In Title I, Part B, Section 112 of the Higher Education Act, Congress affirms the importance of “student speech and association rights,” while also affirming the ability of private religious colleges, under the First Amendment’s guarantee of religious liberty, to impose certain limits on speech.

And while Title I, Section 112 of HEA does not directly call for disciplining students who have interfered with the free-speech rights of others, it does assume that such discipline policies will be enacted, since this section explicitly permits colleges to sanction students who willfully disrupt “a lecture, class, speech, presentation, or performance.”

In an ideal world, federal protection of First Amendment rights on college campuses with not be necessary. Instead, administrators and faculty members would vigilantly enforce these rights, reaffirming their importance and defending them with necessary policies and regulations, just as Yale did with the Woodward Report of 1974.

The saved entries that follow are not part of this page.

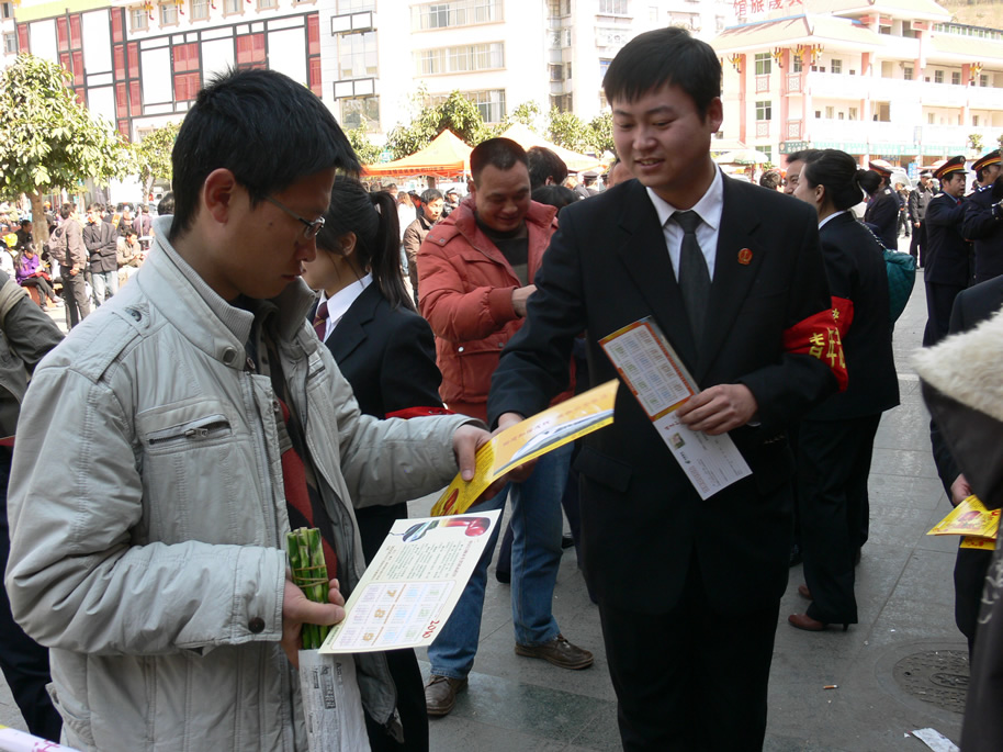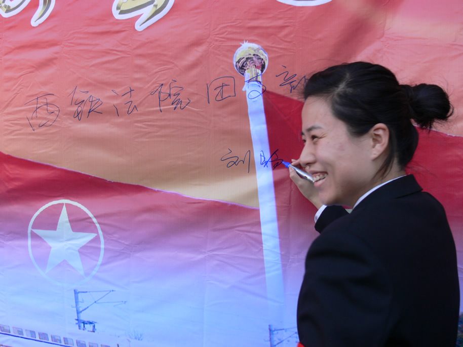 1月30日,2010年春运第一天,西昌铁路运输法院青年干警身着制服,佩戴青年志愿者袖标,在西昌火车站广场参加了“构建和谐成铁,服务平安春运”活动启动仪式。
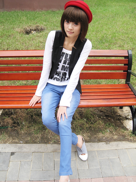 TOP,6 红色礼帽+黑色马甲+白色T+牛仔窄脚裤
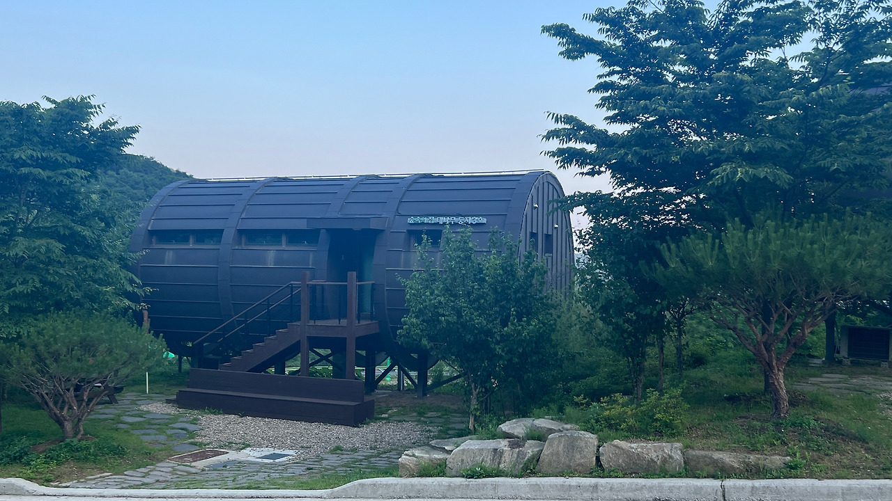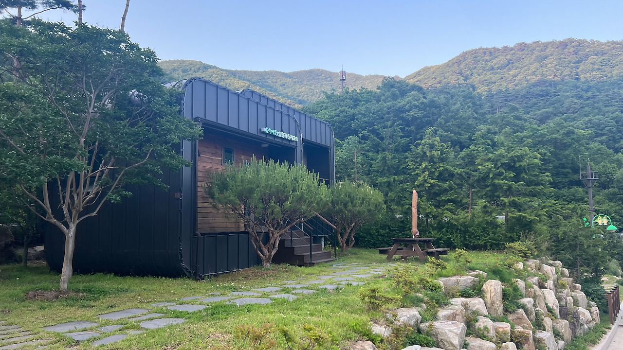 숲속의 집 대나무는 생긴 보양이 정말 대나무통을 닮았다. 바로 앞에 주차가 가능하고 그 옆에 파라솔이 있어 야외에서 음식을 먹거나 피크닉을 즐길 수도 있다.
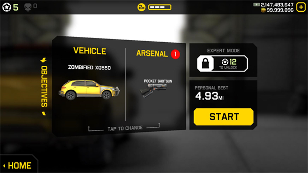 2、点击后可以选择不同的车辆和武器进行闯关,点击start就可以正式开始。
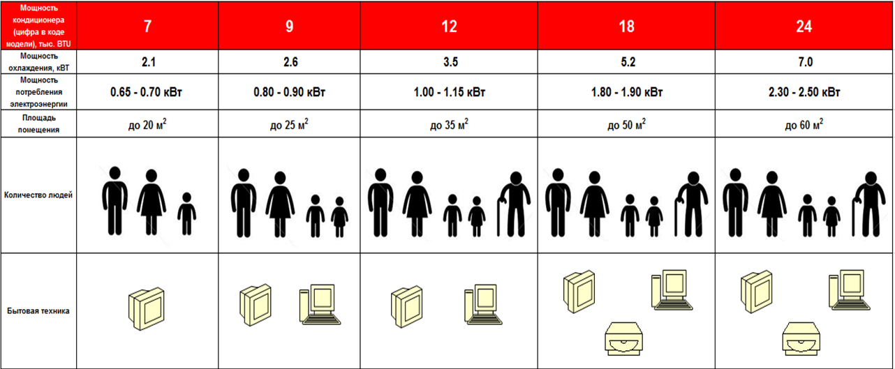 La capacité de refroidissement est indiquée par des chiffres ronds : 5000 BTU, 7000 BTU, 9000 BTU à 30 000 BTU. Dans le marquage des modèles, simplement le chiffre 5 "cinq", 7 "sept", 9 "neuf" sont indiqués. Pour un calcul préliminaire du système de division par la surface de la pièce, la puissance en BTU est multipliée par 3.
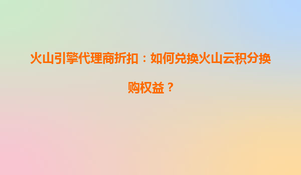 2025-08-03火山引擎代理商折扣:如何兑换火山云积分换购权益? 一、火山云的核心优势 火山云作为字节跳动旗下的云计算服务品牌,依托字节跳动强大的技术积累和全球资源,为企业客户提供高性能、高可靠性的云...

Unfortunately, in our current circumstances, administrators regularly fail to enforce First Amendment rights, and substantial sections of the faculty have abandoned the classic liberal commitment to freedom of speech. This problem, moreover, has been festering for decades and has lately continued to worsen. With a problem this systemic and long-standing, the time for federal action may at last have arrived.

In short, the long-standing and rapidly worsening crisis of free speech on America’s college campuses has reached the point where it can and should be addressed by state and federal legislation. Unless such legislation vigorously addresses not only restrictive campus speech codes and so-called free speech zones, but the problem of administrative discipline for those who silence the speech of others, the crisis of campus free speech will not be overcome.

Stanley Kurtz is a senior fellow at the Ethics and Public Policy Center.